WHAT YOU HAVE TO DO =
Reproduce all of the data below without alteration; exclude every picture.

PROVIDED DATA =
____

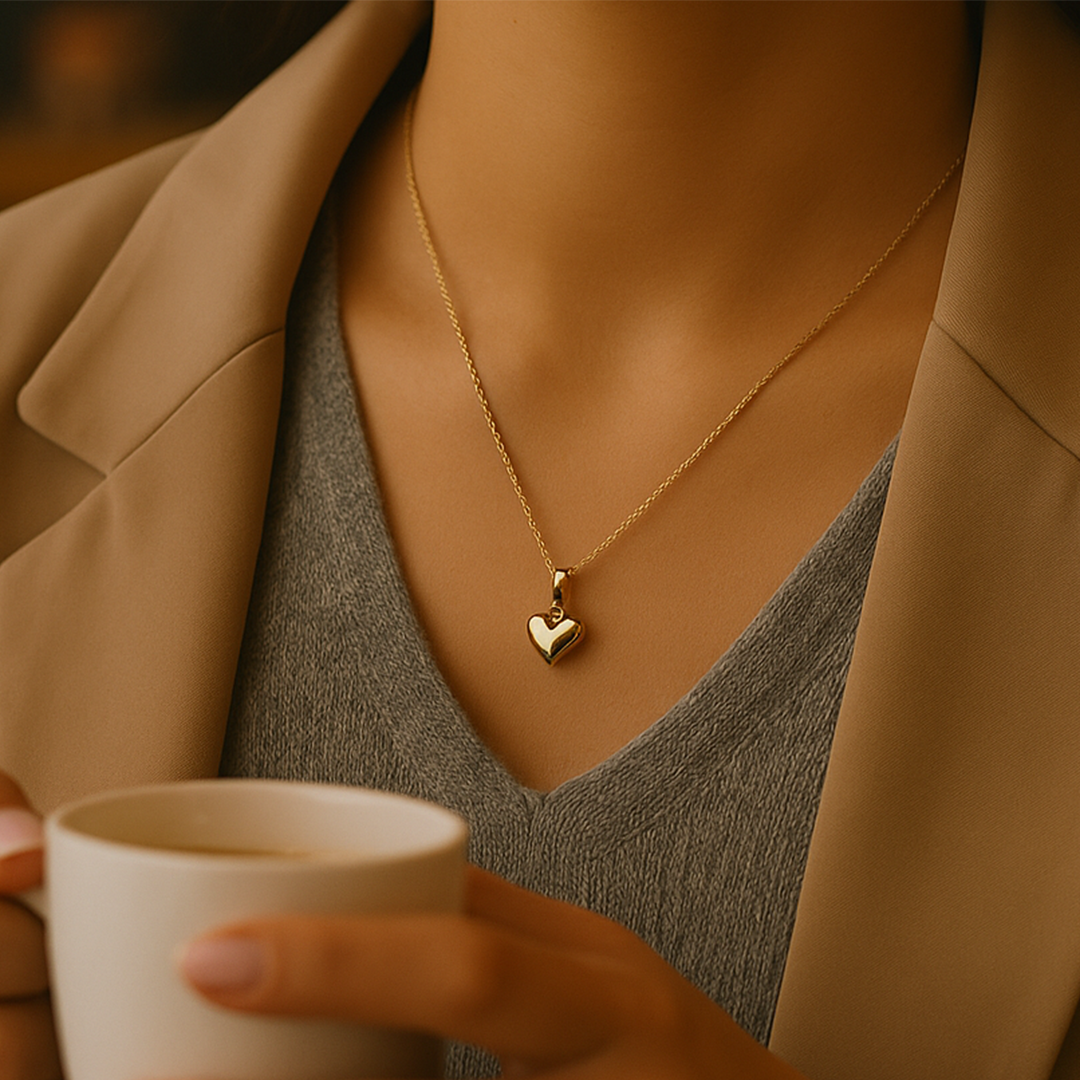 Singapur Zincirli Bombeli Kalp Kolye (S)
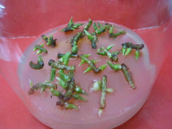 珍珠矮(Cymbidium nanutum Y.S.Wu et S.C.Chen)是中国特有的地生兰,仅分布于海南东南部、贵州西南部和云南西南部。其叶片直立、花淡黄绿色或紫色,有香味,观赏价值高。由于其生存环境的破坏和对野生资源的过度采挖,珍珠矮的种质资源已濒临灭绝,扩大其种群数量并进行自然回归十分迫切。珍珠矮的常规繁殖主要靠分株,繁殖速度慢;而且和其它兰花一样,其种子发育不完全,在自然状态下需与真菌共生才能萌发,成苗率极低。因此,采用无菌播种和组织培养技术是扩大其种群数量的最有效方法。
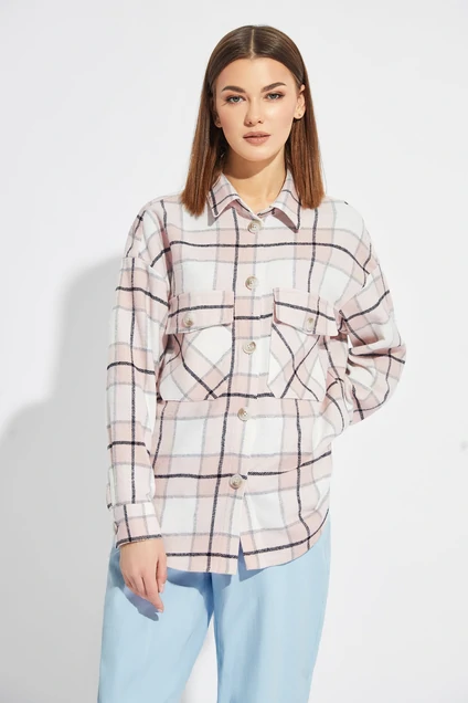 Рубашка прямого силуэта со спущенным плечом с втачным рукавом с монжетой. Полочка с застежкой на петли-пуговицы по цельнокроеной планке, с крупными карманами с клапаном и декоративной пуговицей. Рубашка с отложным воротником на стойке. Спинка с кокеткой.
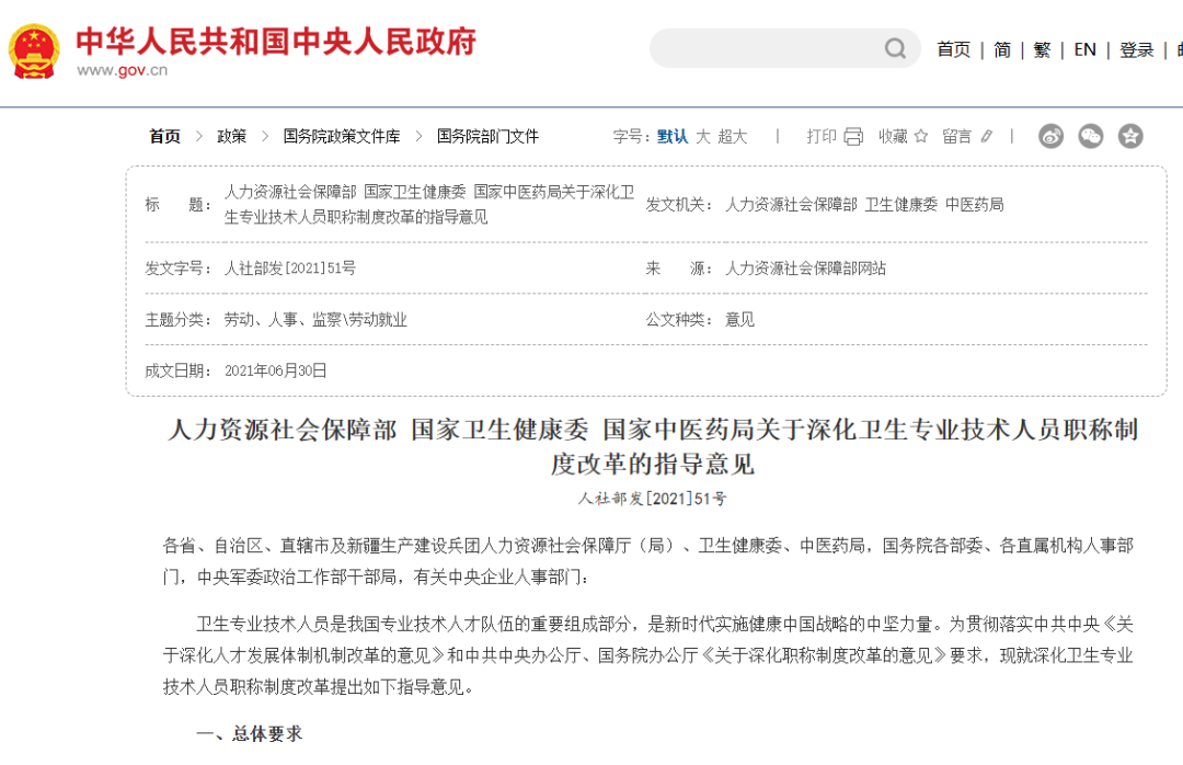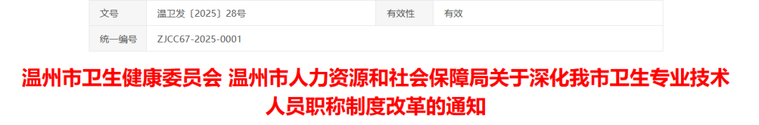 职称评审新规落地! 随着卫生健康事业迈入高质量发展阶段,卫生职称评审制度也面临新的挑战与变革。一段时间以来,“唯文章”“唯学历”“重科研、轻临床”等问题仍不同程度存在,基层一线反映强烈。 医学人才的成长,应回归临床实际。“早临床、多临床、反复临床”,不仅是优质医疗服务的基础,更是职称评审应坚持的导向。为此,国家人社部、国家卫生健康委和国家中医药管理局联合印发《关于深化卫生专业技术人员职称制度改革的指导意见》(人社部发〔2021〕51号),正式启动卫生职称制度的系统性改革。 响应国家号召,温州市卫健委、市人社局近日联合出台《关于深化我市卫生专业技术人员职称制度改革的通知》(以下简称《通知》),从标准体系、评价机制到组织管理,全方位推进职称评审科学化、规范化。 《通知》强调,本次职称改革要突出卫生行业特点和临床实践能力导向,破除唯文章、唯学历、唯奖励、唯“帽子”倾向,全面实行成果代表作制度,鼓励卫生专业技术人员扎根防病治病一线。 在完善职称评价方式方面,《通知》明确提出:医、药、护、技初中级职称列入全国卫生专业技术资格统一考试的专业,全部实行以考代评,实行全国统一考试,高级职称采取考试和评审相结合的方式评价。 健全职称体系 为适应医疗卫生行业的专业发展和人才培养需要,温州市将卫生专业职称体系细化为医、药、护、技、研五大类别,并依照岗位能力要求设立初级(士级、师级)、中级、副高级和正高级四个等级,进一步明确职称名称和职级划分。 在职称体系设计中,注重职称与职业资格制度的有效衔接。按照国家《医师法》和《护士条例》规定,参加相关考试并取得执业助理医师、执业医师或护士执业资格者,可分别视同取得医士、医师或护士职称。 此外,依据《中医药法》,通过中医医术确有专长人员资格考核并取得相应医师资格者,也可视同获得医师职称。 完善评价标准 为进一步优化职称评价体系,《通知》强化对医德医风的考核,把政治品德和职业道德作为评审首要内容,单位需建立医德考核机制,并将是否存在以权谋私、违规收受财物等行为纳入考核范围。同时,严格科研诚信管理,若申报人承诺不实或存在弄虚作假等行为,将被取消申报资格并撤销职称,严重者列入评审黑名单。 职称评价标准实行分层分类管理,突出职业特点,破除唯文章、唯学历、唯奖项等倾向。 温州市结合国家与省级标准,针对医疗、护理、药学、技术、中医、公共卫生、临床研究及基层卫生八个专业方向,分别制定个性化评价标准。不同类型单位按专业特点灵活设定考核重点,例如,市、县级医院及民营机构注重临床问题解决与科研兼顾,而基层医疗机构则强调临床能力和服务实效,弱化科研文章要求。高级职称申报者需通过全省统一的实践能力考试,考试成绩三年内有效,并须在任职期内考核累计五年合格,方具备申报资格。 此外,《通知》提出建立代表作制度,职称评审将聚焦技术人员实际成果。代表作可涵盖项目报告、病例分析、手术视频、技术规范、文章著作、专利成果等,并通过省级案例库公开公示,体现评审过程的公平与透明。 明确评价导向 在评价导向方面,《通知》提出晋升副高职称须具备一定的进修学习经历,市级单位医师需赴省级以上医疗机构进修累计三个月,县级单位为六个月,县以下单位为三个月,其他卫生专业技术人员亦需结合实际完成专业进修。海外进修时间可合并计算,晋升期间还需完成继续医学教育及公需科目学习任务。 同时,社会服务经历成为职称晋升的重要考量。医师在晋升副高前应至少累计一年在县级及以下或对口支援单位提供医疗服务,其中6个月服务需定点连续完成,其余6个月可通过参加巡回医疗、家庭医生签约服务、义诊、帮扶、山海协作服务、院前急救服务、突发事件应急处置、基层云诊室及医防融合双流动等形式予以累计。 晋升副高级职称后,在县级及以下或者对口支援的医疗卫生机构提供医疗卫生服务,累计一年以上的,同等条件下优先晋升正高级技术职称。 创新评价机制 《通知》推动评价方式创新,明确医、药、护、技类初中级职称全面实行“以考代评”,纳入国家统一考试,高级职称则采取“考试+评审”相结合;临床研究类初中级也执行“以考代评”,高级职称由省卫健委统一评审。 此外,全面推进卫生人才临床能力评价。依托省级数据平台,整合病案首页信息,通过分析手术量、平均住院日、并发症发生率等指标,从技术水平、质量安全、患者管理等维度综合评估执业能力,实现数据驱动、智能评估。 县域医共体和城市医联体职称评聘机制亦同步优化。根据牵头医院和分院的职责定位进行岗位分类与评审,成员单位高级岗位设置参照牵头医院标准,不得被挤占。对分院人员适当放宽学历要求,更注重全科诊疗、中医药、基本公卫等能力表现。推动人事一体化、岗位结构统筹,有效激发基层人才活力。 同时,畅通跨系列晋升通道。高等院校具备教学职称的专业技术人员,在附属医院从事临床工作并达到相应标准,可兼评卫生职称;已取得其他系列职称的人员如转岗从事卫生技术工作满一年并达成进修、服务、业绩等要求,也可转评同级职称,真正实现人才流动与专业成长的良性衔接。 深化自主评聘改革 围绕提升

____

ANSWER =
 Singapur Zincirli Bombeli Kalp Kolye (S)
 珍珠矮(Cymbidium nanutum Y.S.Wu et S.C.Chen)是中国特有的地生兰,仅分布于海南东南部、贵州西南部和云南西南部。其叶片直立、花淡黄绿色或紫色,有香味,观赏价值高。由于其生存环境的破坏和对野生资源的过度采挖,珍珠矮的种质资源已濒临灭绝,扩大其种群数量并进行自然回归十分迫切。珍珠矮的常规繁殖主要靠分株,繁殖速度慢;而且和其它兰花一样,其种子发育不完全,在自然状态下需与真菌共生才能萌发,成苗率极低。因此,采用无菌播种和组织培养技术是扩大其种群数量的最有效方法。
 Рубашка прямого силуэта со спущенным плечом с втачным рукавом с монжетой. Полочка с застежкой на петли-пуговицы по цельнокроеной планке, с крупными карманами с клапаном и декоративной пуговицей. Рубашка с отложным воротником на стойке. Спинка с кокеткой.
 职称评审新规落地! 随着卫生健康事业迈入高质量发展阶段,卫生职称评审制度也面临新的挑战与变革。一段时间以来,“唯文章”“唯学历”“重科研、轻临床”等问题仍不同程度存在,基层一线反映强烈。 医学人才的成长,应回归临床实际。“早临床、多临床、反复临床”,不仅是优质医疗服务的基础,更是职称评审应坚持的导向。为此,国家人社部、国家卫生健康委和国家中医药管理局联合印发《关于深化卫生专业技术人员职称制度改革的指导意见》(人社部发〔2021〕51号),正式启动卫生职称制度的系统性改革。 响应国家号召,温州市卫健委、市人社局近日联合出台《关于深化我市卫生专业技术人员职称制度改革的通知》(以下简称《通知》),从标准体系、评价机制到组织管理,全方位推进职称评审科学化、规范化。 《通知》强调,本次职称改革要突出卫生行业特点和临床实践能力导向,破除唯文章、唯学历、唯奖励、唯“帽子”倾向,全面实行成果代表作制度,鼓励卫生专业技术人员扎根防病治病一线。 在完善职称评价方式方面,《通知》明确提出:医、药、护、技初中级职称列入全国卫生专业技术资格统一考试的专业,全部实行以考代评,实行全国统一考试,高级职称采取考试和评审相结合的方式评价。 健全职称体系 为适应医疗卫生行业的专业发展和人才培养需要,温州市将卫生专业职称体系细化为医、药、护、技、研五大类别,并依照岗位能力要求设立初级(士级、师级)、中级、副高级和正高级四个等级,进一步明确职称名称和职级划分。 在职称体系设计中,注重职称与职业资格制度的有效衔接。按照国家《医师法》和《护士条例》规定,参加相关考试并取得执业助理医师、执业医师或护士执业资格者,可分别视同取得医士、医师或护士职称。 此外,依据《中医药法》,通过中医医术确有专长人员资格考核并取得相应医师资格者,也可视同获得医师职称。 完善评价标准 为进一步优化职称评价体系,《通知》强化对医德医风的考核,把政治品德和职业道德作为评审首要内容,单位需建立医德考核机制,并将是否存在以权谋私、违规收受财物等行为纳入考核范围。同时,严格科研诚信管理,若申报人承诺不实或存在弄虚作假等行为,将被取消申报资格并撤销职称,严重者列入评审黑名单。 职称评价标准实行分层分类管理,突出职业特点,破除唯文章、唯学历、唯奖项等倾向。 温州市结合国家与省级标准,针对医疗、护理、药学、技术、中医、公共卫生、临床研究及基层卫生八个专业方向,分别制定个性化评价标准。不同类型单位按专业特点灵活设定考核重点,例如,市、县级医院及民营机构注重临床问题解决与科研兼顾,而基层医疗机构则强调临床能力和服务实效,弱化科研文章要求。高级职称申报者需通过全省统一的实践能力考试,考试成绩三年内有效,并须在任职期内考核累计五年合格,方具备申报资格。 此外,《通知》提出建立代表作制度,职称评审将聚焦技术人员实际成果。代表作可涵盖项目报告、病例分析、手术视频、技术规范、文章著作、专利成果等,并通过省级案例库公开公示,体现评审过程的公平与透明。 明确评价导向 在评价导向方面,《通知》提出晋升副高职称须具备一定的进修学习经历,市级单位医师需赴省级以上医疗机构进修累计三个月,县级单位为六个月,县以下单位为三个月,其他卫生专业技术人员亦需结合实际完成专业进修。海外进修时间可合并计算,晋升期间还需完成继续医学教育及公需科目学习任务。 同时,社会服务经历成为职称晋升的重要考量。医师在晋升副高前应至少累计一年在县级及以下或对口支援单位提供医疗服务,其中6个月服务需定点连续完成,其余6个月可通过参加巡回医疗、家庭医生签约服务、义诊、帮扶、山海协作服务、院前急救服务、突发事件应急处置、基层云诊室及医防融合双流动等形式予以累计。 晋升副高级职称后,在县级及以下或者对口支援的医疗卫生机构提供医疗卫生服务,累计一年以上的,同等条件下优先晋升正高级技术职称。 创新评价机制 《通知》推动评价方式创新,明确医、药、护、技类初中级职称全面实行“以考代评”,纳入国家统一考试,高级职称则采取“考试+评审”相结合;临床研究类初中级也执行“以考代评”,高级职称由省卫健委统一评审。 此外,全面推进卫生人才临床能力评价。依托省级数据平台,整合病案首页信息,通过分析手术量、平均住院日、并发症发生率等指标,从技术水平、质量安全、患者管理等维度综合评估执业能力,实现数据驱动、智能评估。 县域医共体和城市医联体职称评聘机制亦同步优化。根据牵头医院和分院的职责定位进行岗位分类与评审,成员单位高级岗位设置参照牵头医院标准,不得被挤占。对分院人员适当放宽学历要求,更注重全科诊疗、中医药、基本公卫等能力表现。推动人事一体化、岗位结构统筹,有效激发基层人才活力。 同时,畅通跨系列晋升通道。高等院校具备教学职称的专业技术人员,在附属医院从事临床工作并达到相应标准,可兼评卫生职称;已取得其他系列职称的人员如转岗从事卫生技术工作满一年并达成进修、服务、业绩等要求,也可转评同级职称,真正实现人才流动与专业成长的良性衔接。 深化自主评聘改革 围绕提升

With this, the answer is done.